Graham Reid | | 1 min read
The seemingly provocative title on this album isn't some retro-revisionism from within the damaged Politburo.
Rather it is New York/Barcelona-based ex-pat drummer/conceptualist Edward Ware – with soprano sax player Chris Kelsey – taking various fugues by the great Russian composer into that out-there world of jazz improv-cum-exploration.
And also out of the context of his period (the fugues were written in pre-Cold War but very icy 1950) and use the ideas, notes and passages as springboards into personal expression.
Kelsey brings a sometimes whimsical fleet-footedness to some of these pieces but also on the delightful Fugue #6 dials everything right back into a considered ballad before, through the agency of Ware's subtle drumming momentum, the pensive mood becomes more quietly joyful.
While it is easy to follow Kelsey's paths through these pieces as he seduces with melody (Fugue #8) or takes us towards Ornette Coleman's lively bouncing blues (Fugue #11), what always lies beneath is Ware's masterful understatement which rarely occupies the foreground but provides not just solid base for the melodies to sit on but suggests a percussive yet melodic element in its own right.
“Music, that most fluid of our arts,” writes Ware, “is a paradoxically emphatic and liberal conveyor of meaning, idea and culture.

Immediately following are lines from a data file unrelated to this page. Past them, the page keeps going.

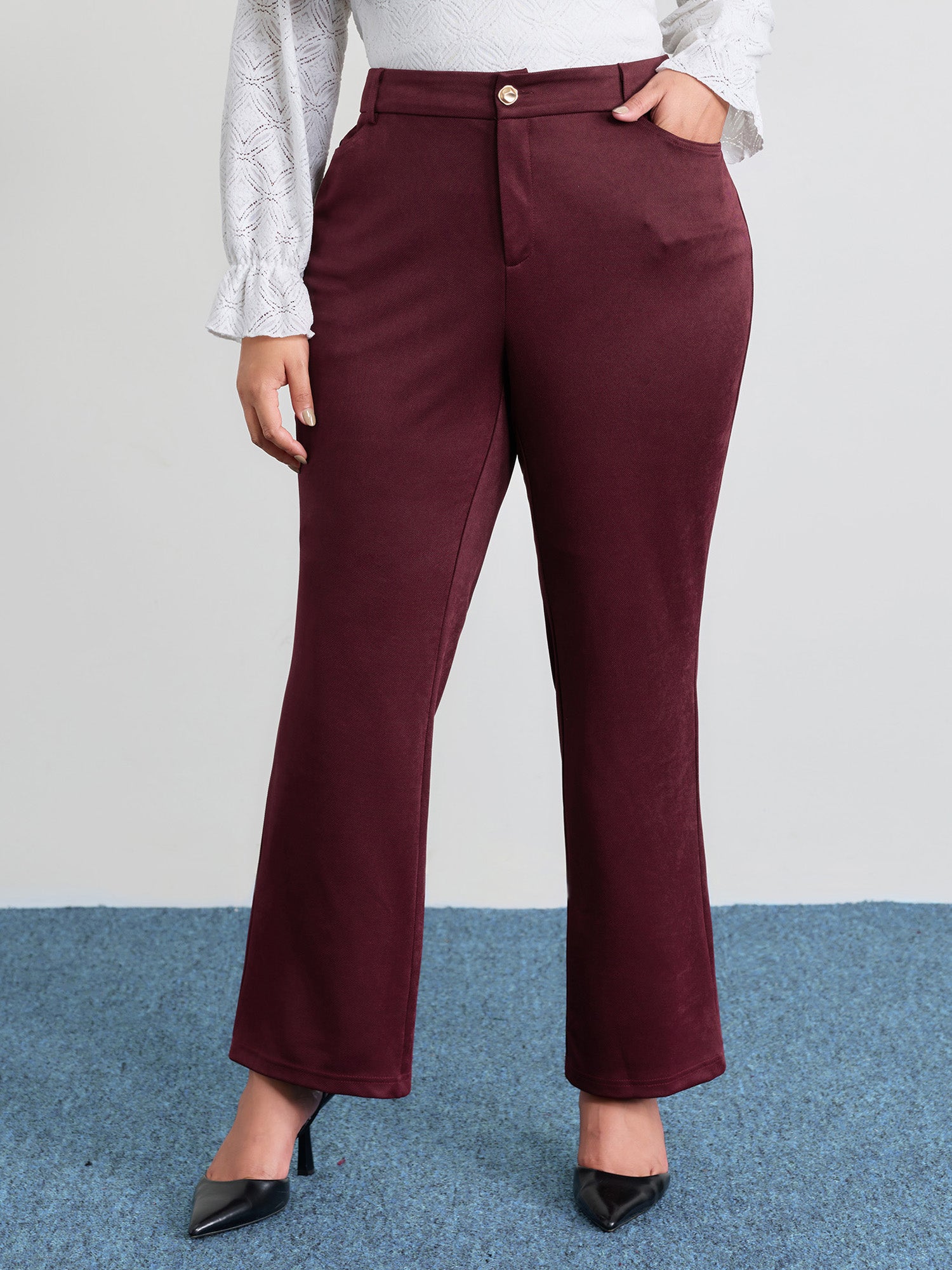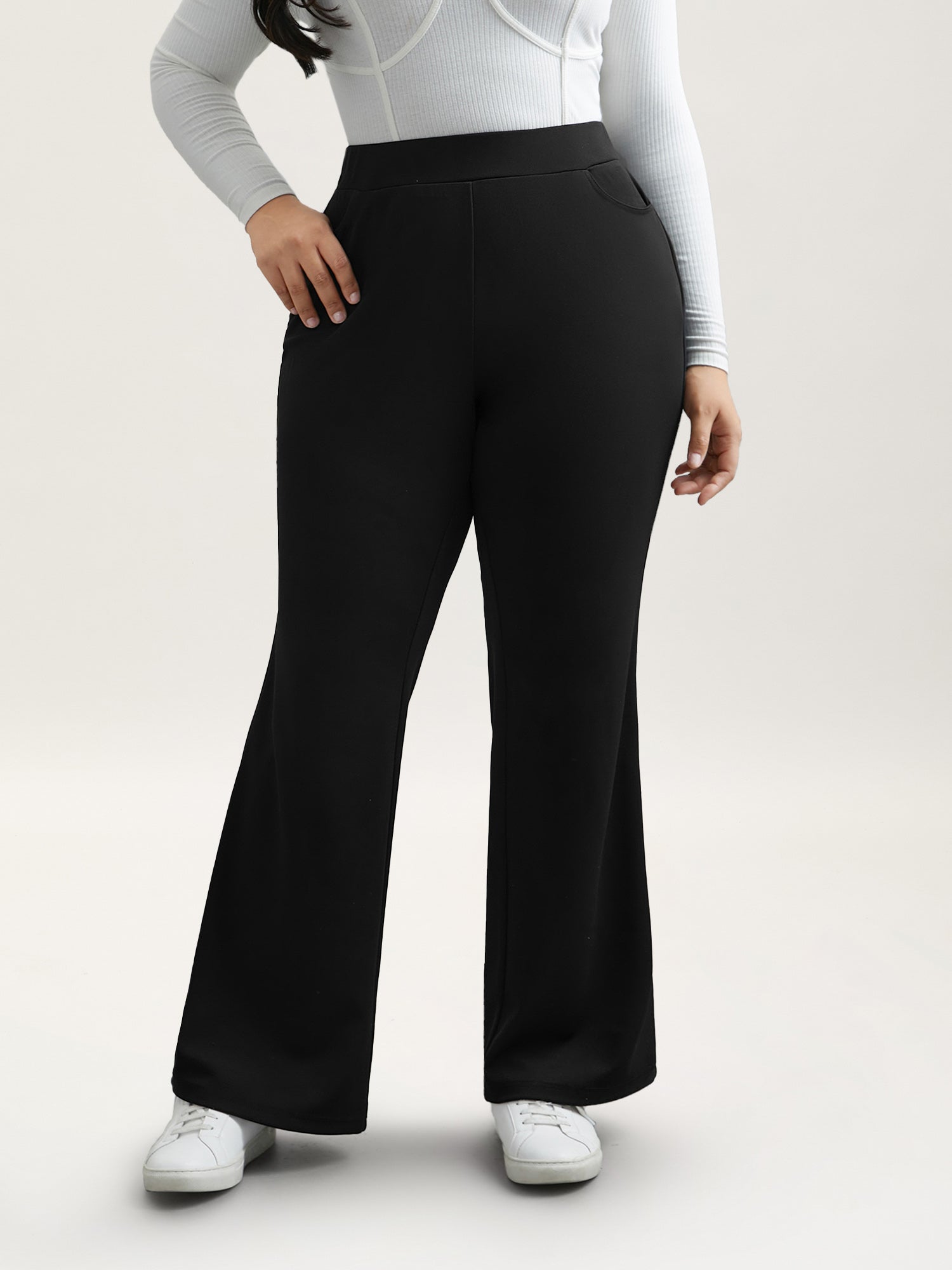 Static-Free Plain High Rise Elastic Waist Pants
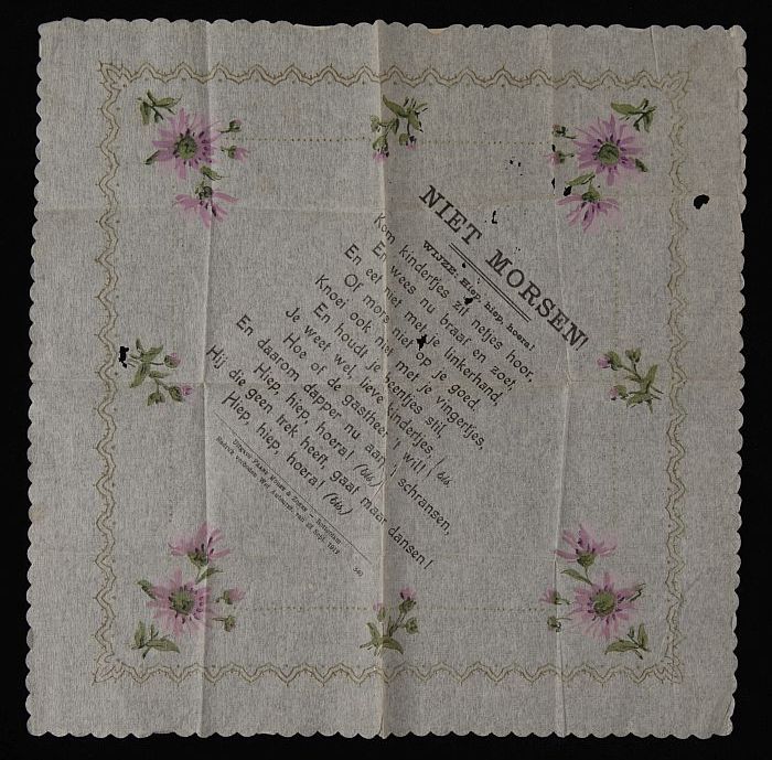 Vierkant, éénlaags servet met tekst van lied "Niet m...
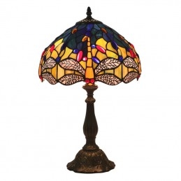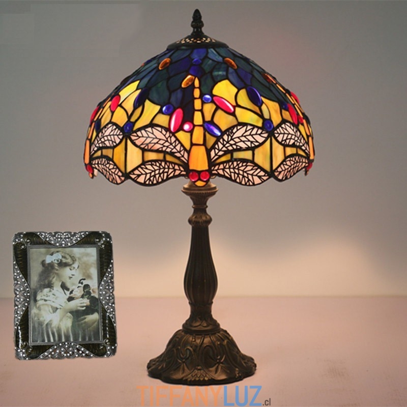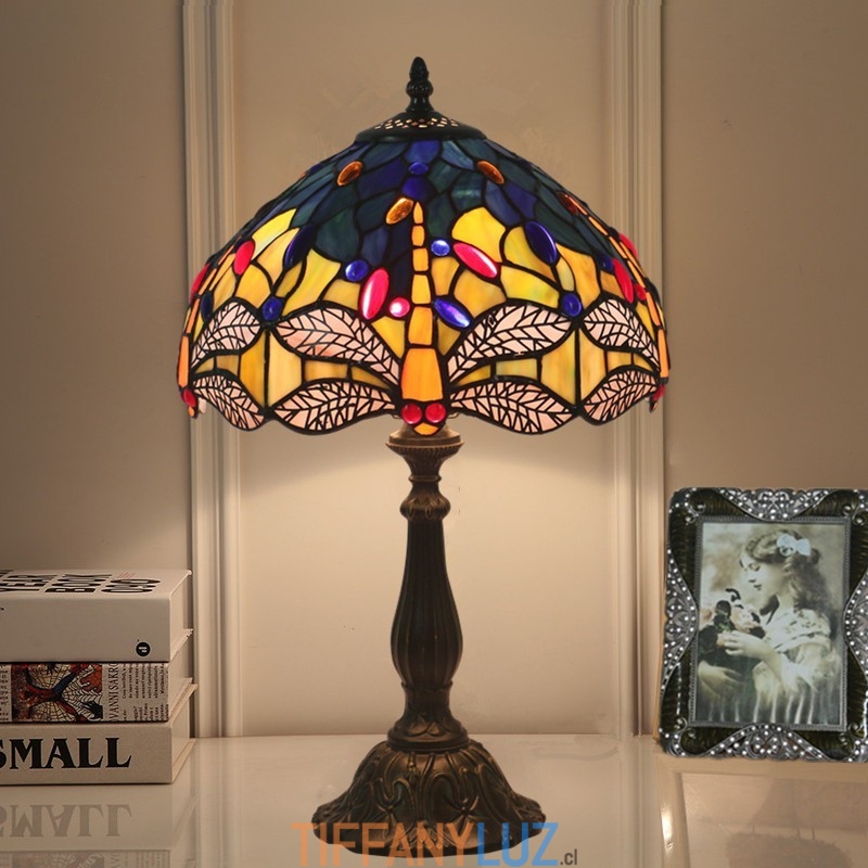 Lámpara de mesa Tiffany estilo libélula de vidrio de color europeo de 30 cm
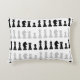 Klassisk svartvit schackkudde för schack älskare, med schack figurer i ett geometriskt mönster. Modern schack delar design
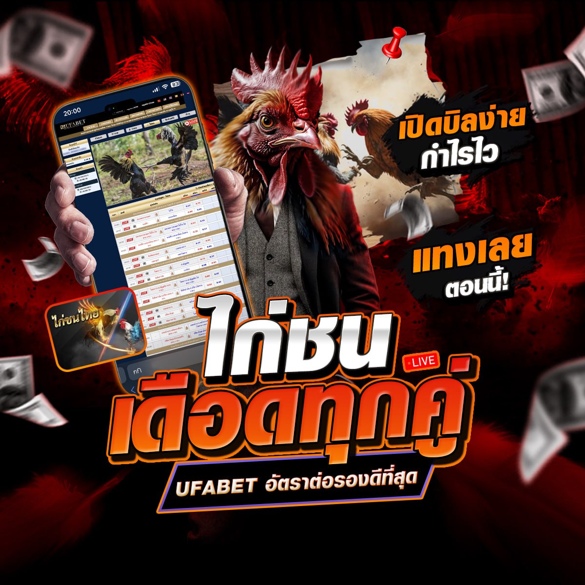 – เว็บ UFABET มี ไก่ชนออนไลน์ ถ่ายทอดสด การแข่งจากสนามจริง โดยผู้เล่นสามารถรับชมการแข่งขันแบบ Real-time พร้อมการเดิมพันในระหว่างการแข่งขัน
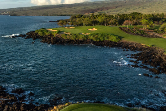 Improvements and enhancements to the Mauna Kea Golf Course (driven by the vision of Robert Trent Jones Jr.) are now complete. During the process, attention was paid to the famous third hole, a par-3 that plays across crashing ocean waves. Not to disturb the original look, old pictures were studied. Only minor changes were made to the tee boxes and green; three bunkers were modified.
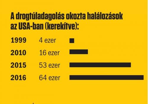 Megdöbbentő statisztikai tény, hogy az 50 évnél fiatalabb amerikaiak között ma már a drogtúladagolás a leggyakoribb halálozási ok, az esetek kétharmadát opioid vegyületek (lásd keretes írásunkat) okozzák. Naponta átlagosan 175-en halnak meg az óverdózis miatt az Egyesült Államokban; többen, mint közlekedési balesetben, lőfegyver-használat következtében vagy AIDS-ben. Még elképesztőbb összehasonlítás, hogy tavaly több halálos áldozatot szedett a drogjárvány, mint a vietnami háború két évtized alatt az amerikai katonák között (a hivatalos források szerint: 58 318). A szövetségi járványügyi hatóság, a CDC igazgatója, Thomas Frieden úgy fogalmazott: Amerikát „elárasztották az opioidok”. Becslések szerint 2,6 millióan szenvednek függőségtől. A tipikus addikt középkorú, fehér, (lecsúszó) középosztálybeli férfi, de vannak függők minden korosztályban, minden társadalmi rétegben, a hatalmas ország minden részén.
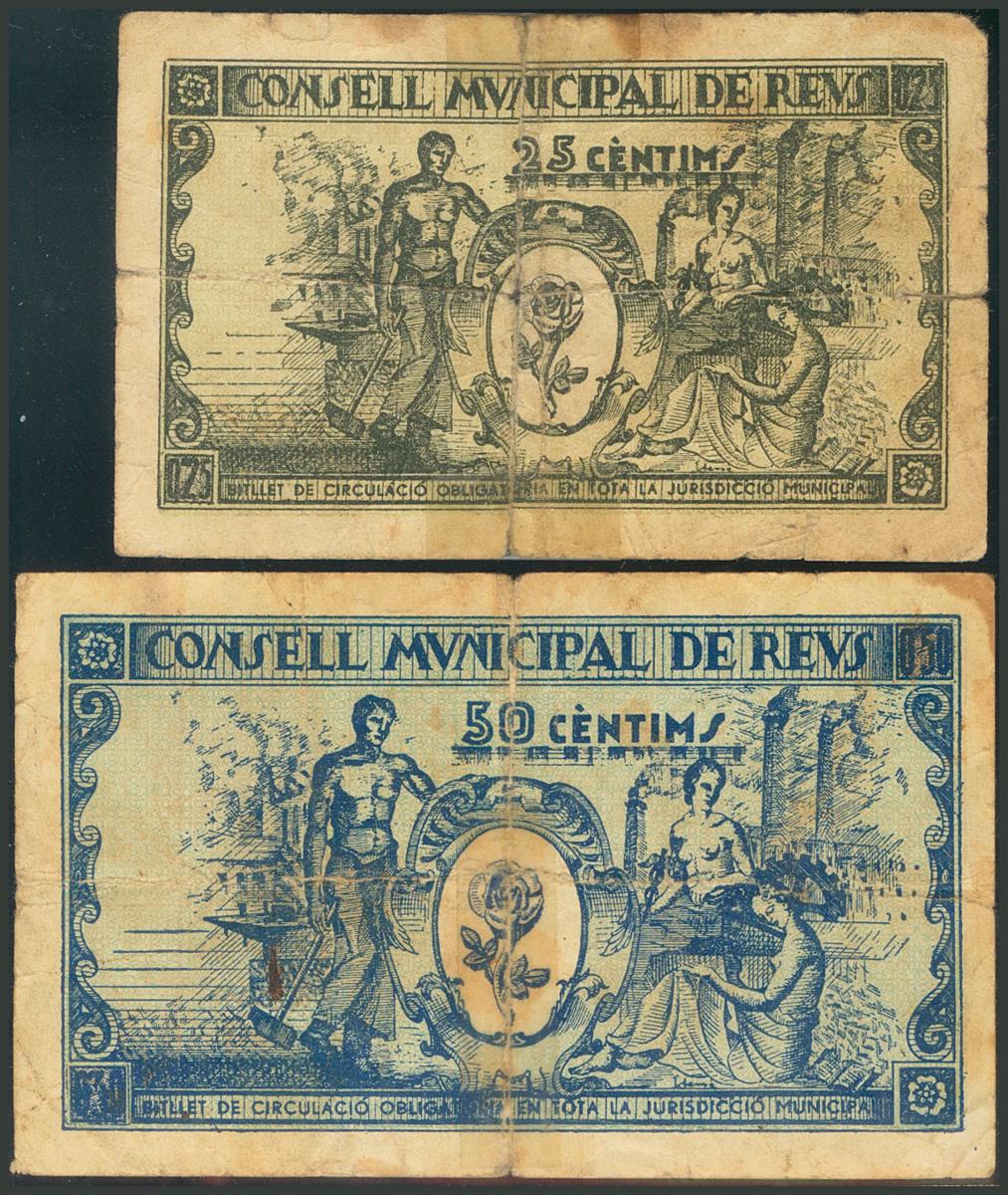 REUS (TARRAGONA). 25 Céntimos y 50 Céntimos. 14 de Abril de 1937. Series E y F, respectivamente. (González: 9552, 9559). RC.
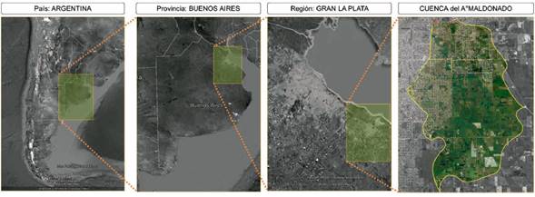 En este contexto territorial, la cuenca del Arroyo Maldonado se localiza en la zona sudeste del partido de La Plata y se extiende al Partido de Berisso (provincia de Buenos Aires). Abarca aproximadamente 3800 hectáreas, y contiene una población estimada de 67.406 habitantes (Figura 2).
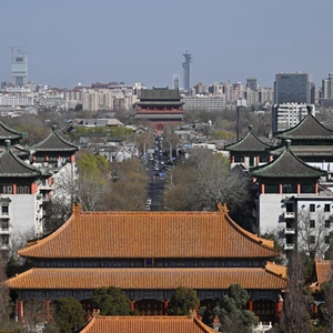 修繕維護中的永定門(3月29日攝)。新華社記者 李賀 攝
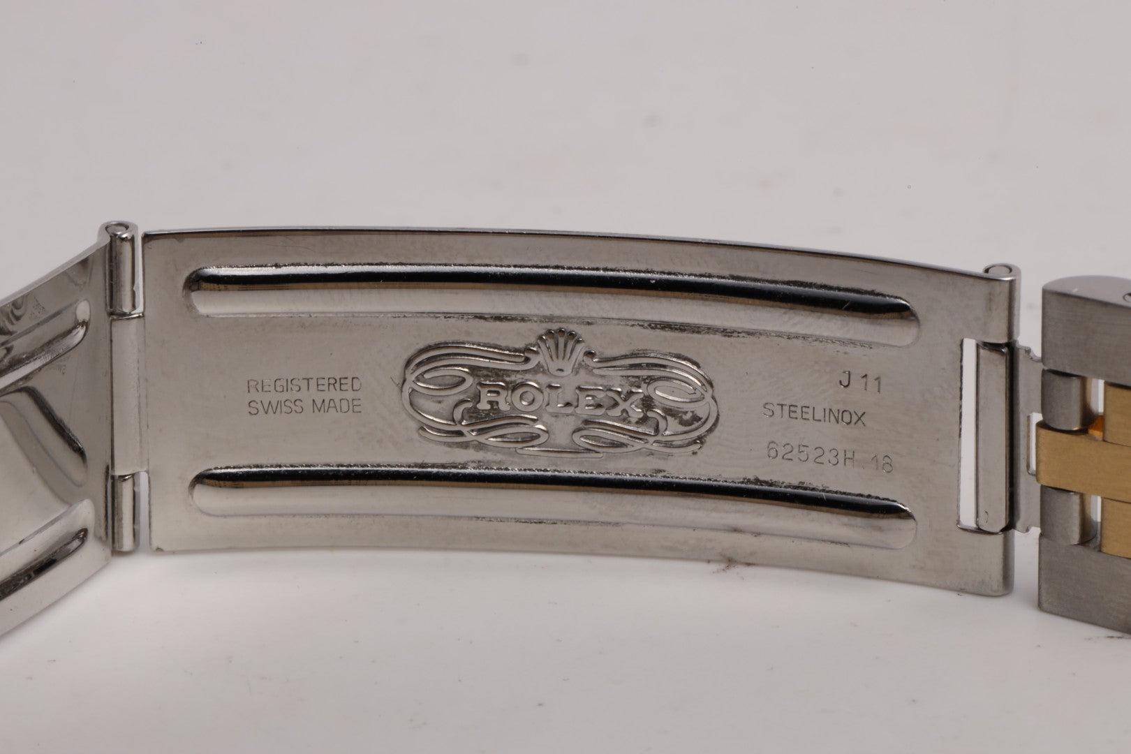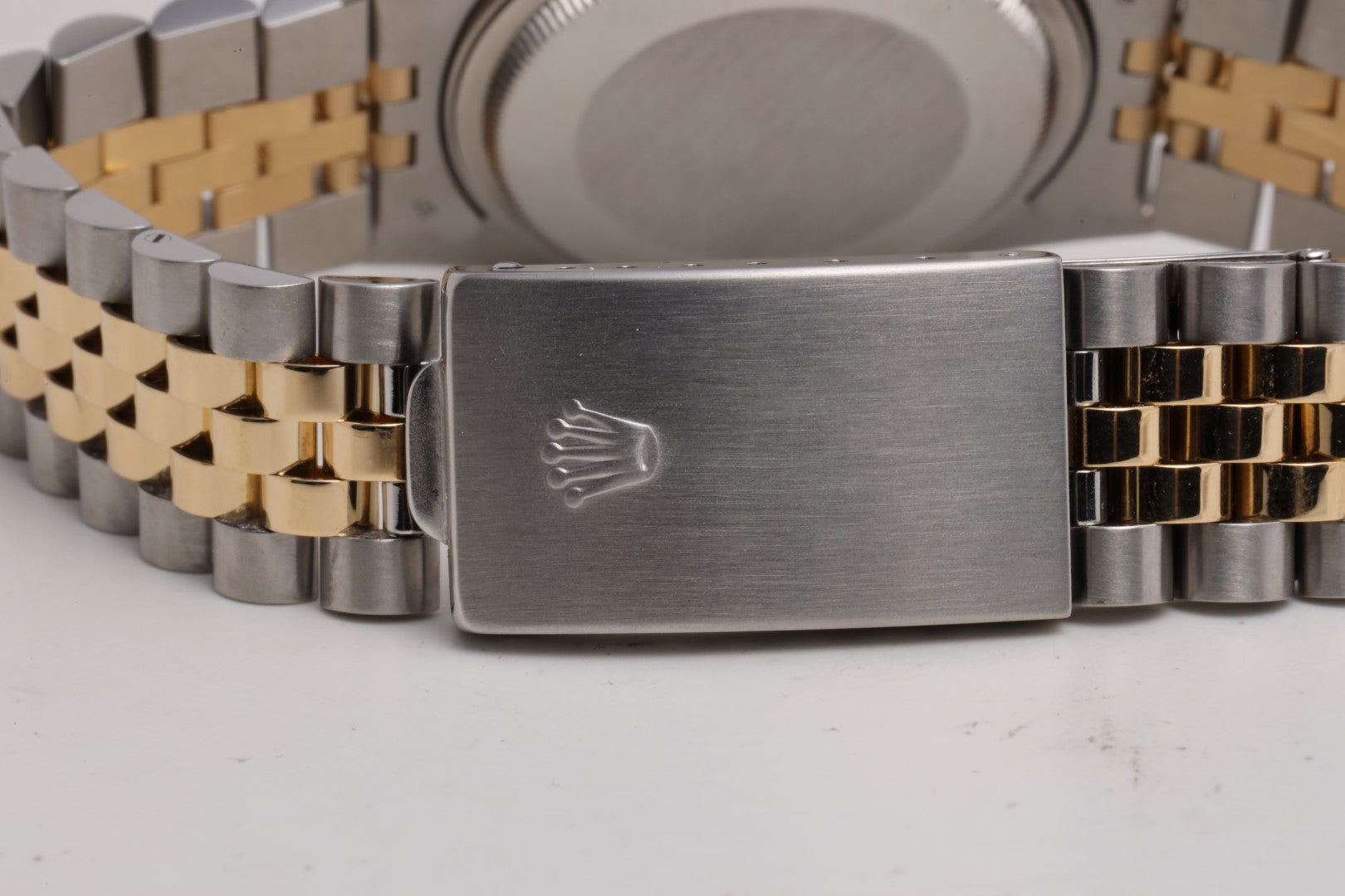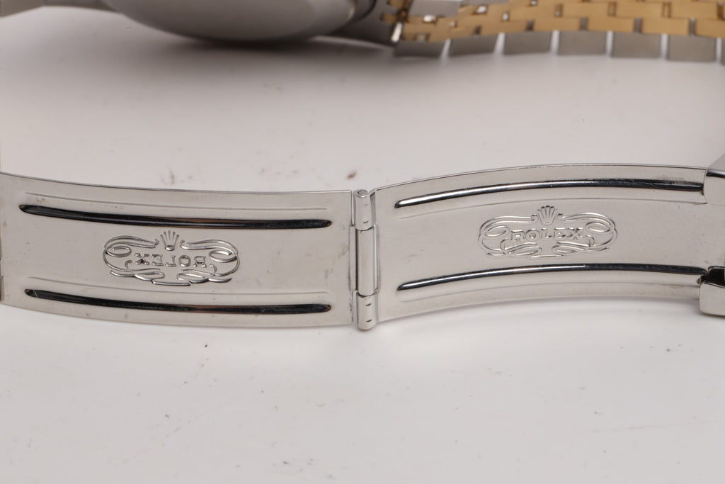 - Strap: Stainless Steel & 18k Yellow Gold Jubilee Bracelet, 7.75" Max Wrist Size, Fold Clasp (5 Screws)

Just consider for a moment the startlingly disparate political and social ideologies to which the music of Wagner and Beethoven have famously been attached.
“As a composer living in communist Russia, Shostakovich (1906-1975) had to navigate an often shifting political context that could quickly impact the perceived meaning of his music.
“Symphonic writing by its nature, tends to the more public sphere and equally perhaps, the more intimate character of string quartet or piano music to the more personal.”
Like a two-hander play, Taking Shostakovich Out allows Ware and Kelsey to find their own characters in the musical opportunities the original pieces afford, notably on their extended interpretation of Shostakovich's enormously brooding and dramatic Prelude #14.
Here – among the 12 pieces, two of them alternate takes – is where we fully understand Ware's idea of taking established material and responding to it in this place and this time through different musical vehicles.
If you fancy a bright introduction start with the opening two fugues, if you want so much more then Prelude #14 is for you.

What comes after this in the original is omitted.